Wild gorillas live about 35 years and can live more in captivity. Colo, the first gorilla born in a zoo, died in 2017 after celebrating her 60th birthday.
From screams, grunts, roars and growls...mountain gorillas use more than 20 different sounds to communicate.
Mountain gorillas get visits from the doctor too! When a gorilla is spotted with signs of illness or injury, veterinarians can use medicines and vaccines that are administered using dart guns.
The main structural difference between apes and monkeys is that apes don’t have tails.
Where Are They?
Founded to protect the gorillas, Volcanoes National Park in Rwanda was the first National Park ever created in Africa.
Mountain gorillas usually stay at an elevation of approximately 7,000 to 14,000 feet in the mountains of central Africa.
Virunga National Park, located in the Democratic Republic of Congo, and Bwindi Impenetrable National Park, in Uganda, are both World Heritage Sites and home to half of the world’s mountain gorillas.
Gorilla tourism contributes significantly to gorilla conservation, as funds create jobs and bring benefits to local communities that live near gorillas. So, when you plan your next trip, don’t forget to visit the gorillas!
Adult mountain gorillas can feast on 50 pounds of mainly leaves, roots, and stems every day, which weighs the equivalent to 40 basketballs. No wonder it takes them half their day to eat!
Even though gorillas eat more than any other ape and have big round bellies, they are not fat. They have long intestines to process the large amounts of food they have to eat every day to get enough nutrients.
Gorillas are nomads and can travel up to 1,000 meters a day in search of food. However, mountain gorillas travel much less than their cousins, the Lowland gorillas, for they don’t have to travel far to get a meal, they are surrounded by food in their habitat.
While mountain gorillas are mainly herbivores, they occasionally snack on fruits and insects, especially ants and larvae.
Eastern Lowland gorillas eat more fruit than their cousin, the mountain gorilla. Both gorillas are a subspecies of the Eastern gorilla.
Even though most primates have a tree-living way of life, gorillas are terrestrial creatures that spend 95% of their time on the ground and occasionally climb trees for fun… just like us.

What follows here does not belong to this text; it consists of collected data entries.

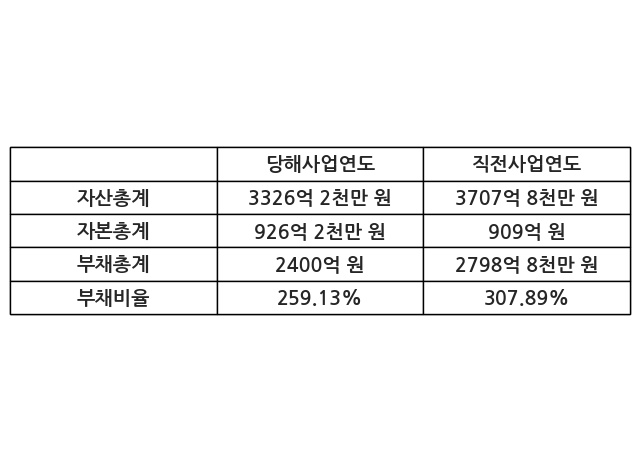 또한, 이번사업연도의 자산총계는 3326억 2천만 원으로 직전사업연도 대비 -10.29% 감소한 한편, 부채총계는 2400억 원으로 -14.25% 감소, 자본총계는 926억 2천만 원으로 1.89% 증가했다.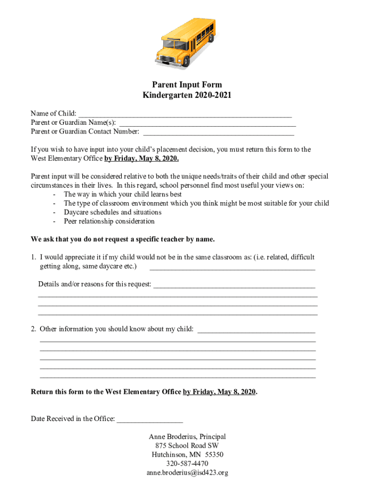 Parent Input Form Kindergarten 20202021 Name of Child: Parent or Guardian Name(s): Parent or Guardian Contact Number: If you wish to have input into your children placement decision, you must return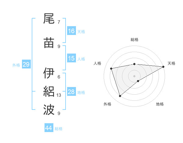 尾苗 伊絽波さんを姓名の画数から五運を鑑定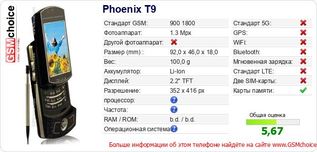 Данные о телефоне Phoenix T9 на Вашем сайте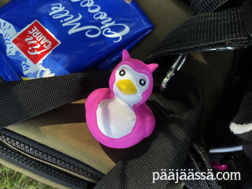 Sää todellakin helli meitä tänä vuonna. Lämmintäkin oli +27°C eikä tuullut mitenkään erityisesti. Rastin tehtävänä oli rakentaa/loihtia kylpyankalle lautta, jonka päällä se pysyy 60 sekuntia. Oli siis hyvä juttu, ettei tuuli ollut navakkaa. Mistähän lie ankan olisikaan joutunut muuten hakemaan. Kilpailijoilla oli omat ankat mukana. Minulla oli vain testailuja varten oma ankka.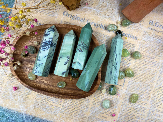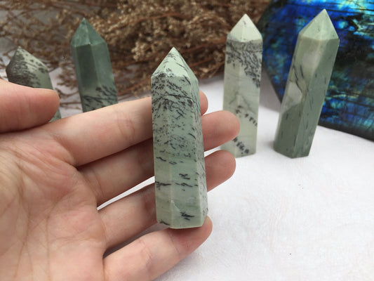 Dendritic Jade Tower,Dendritic Jade Point,Crystal Tower/Wand,Healing Crystal,Reiki Chakra Stone,Home Decor,For Gift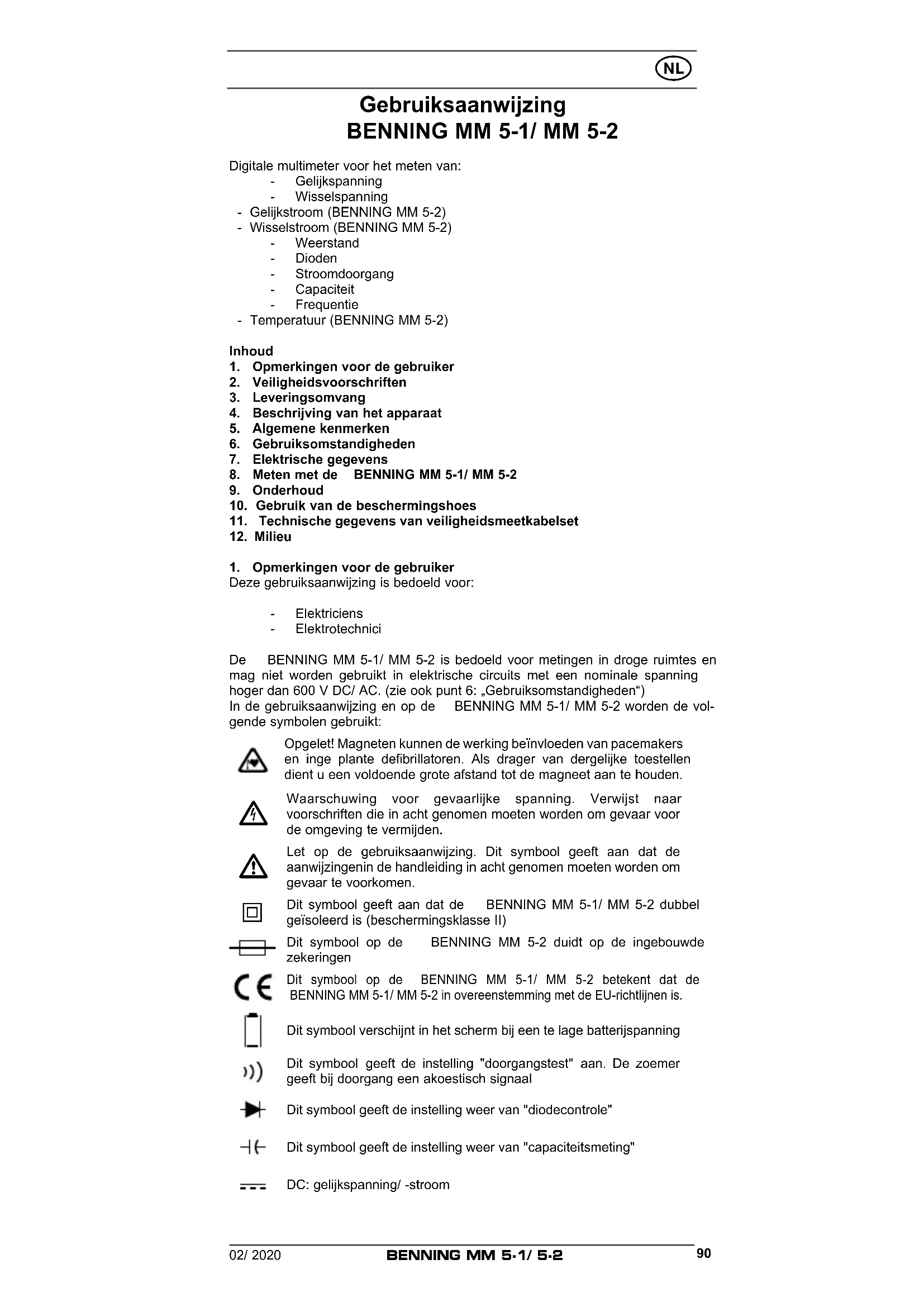 Dit symbool geeft aan dat de BENNING MM 5-1/ MM 5-2 dubbel geïsoleerd is (beschermingsklasse II) Dit symbool op de BENNING MM 5-2 duidt op de ingebouwde zekeringen Dit symbool op de BENNING MM 5-1/ MM 5-2 betekent dat de BENNING MM 5-1/ MM 5-2 in overeenstemming met de EU-richtlijnen is. Dit symbool verschijnt in het scherm bij een te lage batterijspanning Dit symbool geeft de instelling "doorgangstest" aan. De zoemer geeft bij doorgang een akoestisch signaal Dit symbool geeft de instelling weer van "diodecontrole" Dit symbool geeft de instelling weer van "capaciteitsmeting" DC: gelijkspanning/ -stroom02/ 2020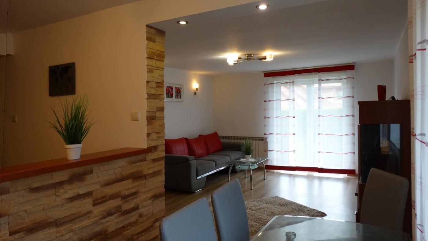 Apartament z widokiem na ogród. Featuring a private entrance, this apartment consists of 1 living room, 1 separate bedroom and 1 bathroom with a bath and a shower. Guests will find a stovetop, a refrigerator, a dishwasher and kitchenware in the well-fitted kitchen. The apartment also offers a barbecue. This apartment features soundproof walls, flat-screen TV with streaming services, garden views, as well as winechampagne for guests. The unit offers 3 beds. Apartament - 6 osobowy. Powierzchnia pokoju ok.: 55 mkw. ;
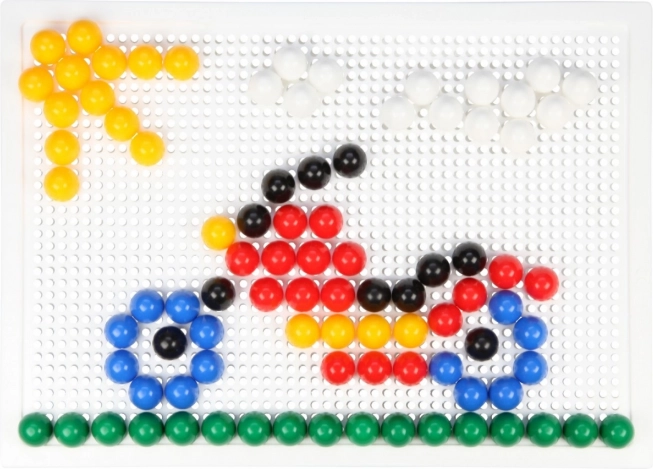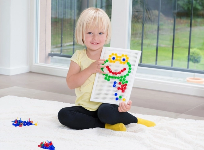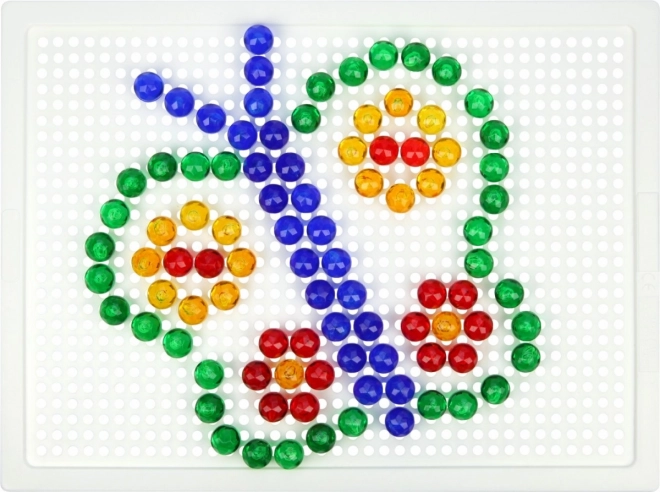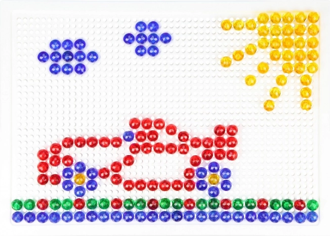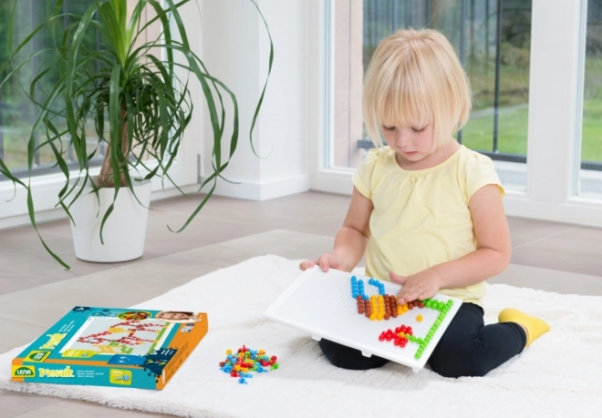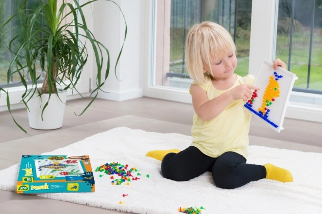 Kristalni mozaik s klobučicama LENA idealan je izbor za učenje kroz igru. Šareni, prozirni čepići lako se umeću u izdržljivu perforiranu ploču i omogućuju djeci slaganje motiva poput ribica, aviona ili cvijeća. Igra prirodno potiče koncentraciju, koordinaciju oko–ruka i prepoznavanje boja.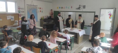 Τον Σεβασμιώτατο υποδέχθηκαν ο εφημέριος της Ενορίας Αγ. Γεωργίου Βατώντα αρχιμ. Ιερόθεος Παπαγρηγορίου, ο προϊστάμενος των διδασκόντων κ. Χαράλαμπος Παπανικολάου, οι διδάσκοντες και οι μικροί μαθητές, καθώς και τα μικρά παιδιά του παρακείμενου Νηπιαγωγείου συνοδευόμενα από τις νηπιαγωγούς τους.

Mountain gorillas like fresh beds! Every night each gorilla builds its own nest, except for baby gorillas, who sleep with their mothers until they’re about three.
Gorillas live in family groups made up of 2 to 40 gorillas. Each group has one dominant male called a silverback who protects the troop, defines the group’s territory and routines, and has breeding rights to all adult females in the family.
Once male gorillas reach sexual maturity, and the hair across their shoulders and down their back becomes greyish, they can fight other silverbacks to become the troop’s leader.
While mountain gorillas weigh less than five pounds when they are born, female gorillas can reach up to 200 pounds and silverbacks up to 450 pounds!
Adult female mountain gorillas give birth to one baby every three to five years. And while twin gorillas are rare, a few twin babies have been spotted in the wild and in captivity.
The thing that’s most amazing about gorillas is how compassionate they are. This is true. Gorillas will go out of their way to protect humans. There are cases where gorillas stop humans from walking into poacher’s traps. That’s how compassionate they are. Meanwhile, there are a lot of humans who honk their horns the second the light turns green.